Thursday 11 June 2009

Worse IT service in the city than the country

I've just had an interesting story told to me by a co-worker who used to work in a more isolated situation. Their IT support was outsourced to a specialist company, and he was particularly impressed by the level of service they gave to their printers. Every morning someone would be around to load them with paper, he says, and again at lunchtime for the heavily-used ones. If one of them broke, there was a backup next to it, but the failure meant flying someone in to physically fix it.

Here in the middle of Brisbane's business district, we have less reliable printers and slower service. Why? My first impression is that when the location is remote, and particularly when failure means paying for a flight, the cost of failure is higher, so it pays them to provide better preventative maintenance. In the city, the cost of failure is lower, because six people are within walking distance of fixing that printer, so up-front preventative measures are not as valuable, but just as expensive.

Mokalus of Borg

PS - That's my impression, anyway.
PPS - The reality may be vastly different.

2 comments:

Erin Marie said...

That still doesn't explain why it takes so long for service people to make it to the city office.
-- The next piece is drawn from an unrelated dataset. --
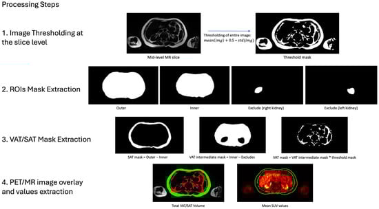 To evaluate metabolic activity, PET images were co-registered with structural MRI to facilitate the extraction of SUVmean from predefined regions of interest (SAT and VAT volumes). The co-registration process was simplified by the PET/MR imaging protocol, which enables simultaneous acquisition of inherently aligned images. Volumetric segmentations were subsequently used to extract and evaluate the accuracy of SUVmean values. SAT and VAT PET activity were quantified by resampling the respective ROI coordinates to PET resolution using nearest neighbor interpolation. Finally, slice-wise SUVmean values were computed and averaged across all slices to obtain global SAT and VAT SUVmean estimates.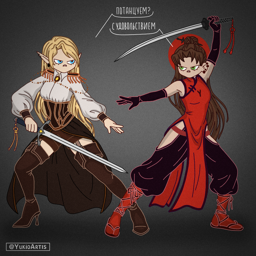 Здесь нужно было изобразить противостояние свой персонаж vs персонаж другого художника. Как видите, у Юкио случился апгрейд и появилась катана. Прада так топилась, что в отправленной версии про "О" забыла, пришлось добавить после :(

Higher density of equipment in a smaller area? If they know it's going to break down, why not employ the right amount of people? Or make their product quality better?

I'm not against rural communities having good service, but when my business is likely to be providing more business but is receiving less quality service, something is going wrong.

John said...

I admit this doesn't explain why service takes longer in the city than the country, but it might explain the mindset behind the cause. It's closer and more convenient to fix, so it doesn't seem as urgent. Maybe?